[Recorded information]
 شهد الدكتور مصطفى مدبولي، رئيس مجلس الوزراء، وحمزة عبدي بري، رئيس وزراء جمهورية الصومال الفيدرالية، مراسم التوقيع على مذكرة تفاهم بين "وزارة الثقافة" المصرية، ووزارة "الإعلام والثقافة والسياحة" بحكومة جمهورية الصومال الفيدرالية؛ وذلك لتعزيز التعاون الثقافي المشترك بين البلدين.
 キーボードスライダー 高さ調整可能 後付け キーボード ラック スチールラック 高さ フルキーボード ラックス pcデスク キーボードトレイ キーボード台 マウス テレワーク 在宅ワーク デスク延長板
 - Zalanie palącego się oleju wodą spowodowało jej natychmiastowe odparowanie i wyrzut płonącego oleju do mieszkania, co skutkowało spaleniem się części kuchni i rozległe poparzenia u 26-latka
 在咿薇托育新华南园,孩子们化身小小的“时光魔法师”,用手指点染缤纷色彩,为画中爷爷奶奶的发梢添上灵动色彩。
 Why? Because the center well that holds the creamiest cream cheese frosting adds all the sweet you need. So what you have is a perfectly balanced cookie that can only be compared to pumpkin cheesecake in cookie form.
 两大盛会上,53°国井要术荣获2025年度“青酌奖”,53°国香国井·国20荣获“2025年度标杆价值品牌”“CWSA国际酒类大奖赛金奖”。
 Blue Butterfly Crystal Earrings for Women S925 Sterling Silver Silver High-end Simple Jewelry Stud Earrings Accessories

--

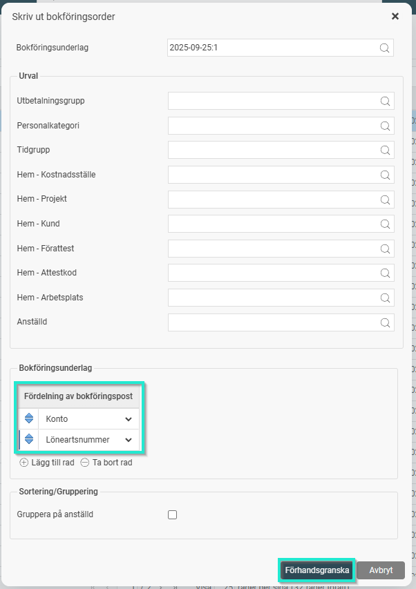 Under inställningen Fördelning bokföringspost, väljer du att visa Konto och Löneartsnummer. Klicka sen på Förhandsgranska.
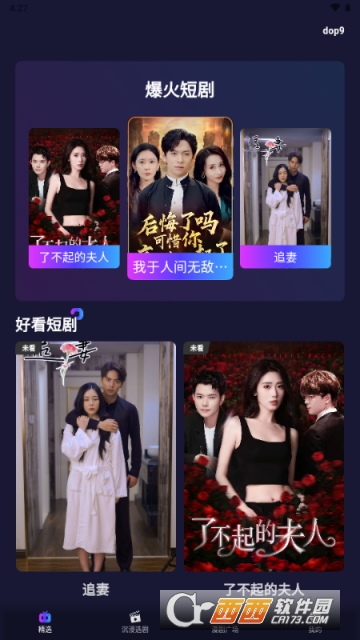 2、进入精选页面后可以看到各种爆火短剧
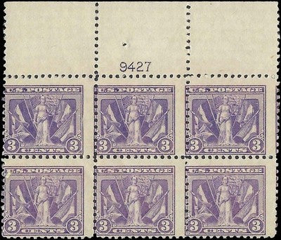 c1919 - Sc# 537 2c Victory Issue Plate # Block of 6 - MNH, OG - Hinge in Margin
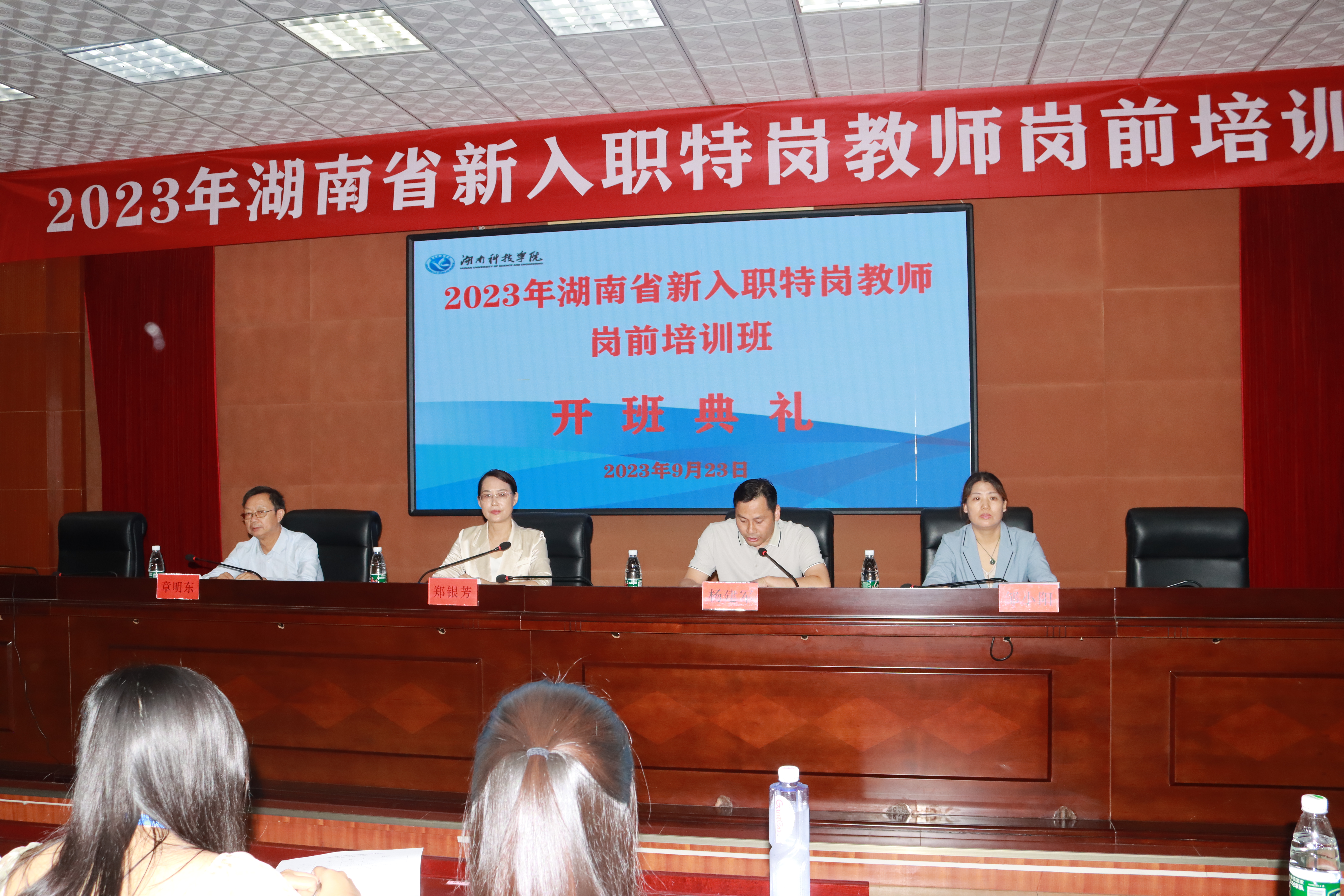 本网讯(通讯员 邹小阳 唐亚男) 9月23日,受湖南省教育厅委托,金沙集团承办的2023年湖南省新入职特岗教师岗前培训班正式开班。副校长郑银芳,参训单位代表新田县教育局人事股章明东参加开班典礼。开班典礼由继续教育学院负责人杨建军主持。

[Your assignment] Retype exactly the span of lines from the one with "شهد الدكتور مصطفى" through the one with "在咿薇托育新华南园,孩子们化"; include both ends and omit the rest of the material.

[Finished task]
 شهد الدكتور مصطفى مدبولي، رئيس مجلس الوزراء، وحمزة عبدي بري، رئيس وزراء جمهورية الصومال الفيدرالية، مراسم التوقيع على مذكرة تفاهم بين "وزارة الثقافة" المصرية، ووزارة "الإعلام والثقافة والسياحة" بحكومة جمهورية الصومال الفيدرالية؛ وذلك لتعزيز التعاون الثقافي المشترك بين البلدين.
 キーボードスライダー 高さ調整可能 後付け キーボード ラック スチールラック 高さ フルキーボード ラックス pcデスク キーボードトレイ キーボード台 マウス テレワーク 在宅ワーク デスク延長板
 - Zalanie palącego się oleju wodą spowodowało jej natychmiastowe odparowanie i wyrzut płonącego oleju do mieszkania, co skutkowało spaleniem się części kuchni i rozległe poparzenia u 26-latka
 在咿薇托育新华南园,孩子们化身小小的“时光魔法师”,用手指点染缤纷色彩,为画中爷爷奶奶的发梢添上灵动色彩。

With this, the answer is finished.